In the friendly hurly burly of baking the cake, researchers had failed to notice anything unusual about the child’s ability to learn. To explore how this disconnect arose, we rearranged subtle changes in group organization and took advantage of the normally occurring variations. Now, when we observed the video footage covering a range of situations, it became clear that the child had an excellent grasp of the overall task but struggled to read when the social circumstances left him no choice other than to struggle unsuccessfully in front of his peers. He was a master of inserting himself into the group activity in a strategic manner that obscured the source of his difficulty. Such results chimed both with our analysis of the child’s specific difficulty in reading (even simple decoding was a chore) but bore no correlation to the idea of a general learning difficulty.

These observations motivated our first intervention efforts to directly combine our contextualist learning approaches and Luria’s cultural historical approach. We sought to create small group activities designed to serve both as a diagnostic procedure and a remedial procedure for children failing to acquire literacy in the first six years of schooling. As part of this activity, we included a combination of Vygotsky’s concept of dual stimulation and Luria’s combined motor method to create an after-school activity for children who were clearly failing to acquire literacy. The specifics of the activity are not important in the current context, but two conclusions are worth emphasizing. First, this work coincided closely with Tatiana Akhutina’s prescriptions for creating remedial activities for such children, indicating their common roots in Luria’s ideas. Second, we realized that once we took up the challenge of teaching “these unteachable” children, our social obligations to the subjects of our research were altered significantly. Suddenly, we became responsible for the children’s welfare. Our roles as objective experimenters were fundamentally breached by our obligation to make a difference. Now we had to do more than make claims about zones of proximal development based on average differences between groups of children on some standardized measure. Luria would have understood the difference.

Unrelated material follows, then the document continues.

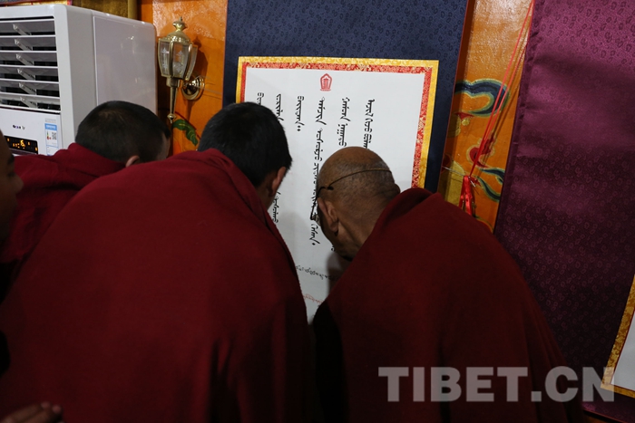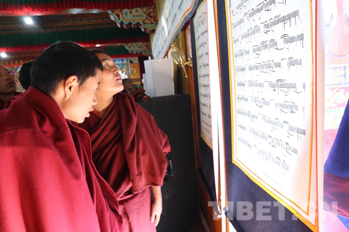 此次活動共征集書法作品80余幅,包含藏文、梵文、漢文、英文,其中藏文書法當(dāng)中又有烏金和烏梅體、草書體和古藏文體等多種書法類型,不僅展現(xiàn)了藏文書法精美多樣的字體和悠久歷史,而且表達(dá)了全寺僧眾深切緬懷大師的至真感情和銘記大師教誨,積極發(fā)揚(yáng)藏傳佛教愛國愛教優(yōu)良傳統(tǒng)的堅(jiān)定信心。(中國西藏網(wǎng) 記者/索朗加措、趙耀 圖片由扎什倫布寺寺管會提供)

Luria ends his autobiography with a description of two case studies. These (one with a mnemonist, one with a brain injured engineer) were unlike his studies of Uzbeki peasant reasoning or the role of speech in the development of self-control, or even most patients he saw as a clinical neuropsychologist. Each case extended over many years and in each case, he acted as both diagnostician and therapist. It is through the mixing of these two roles that the form of psychological research he referred to as romantic science emerged.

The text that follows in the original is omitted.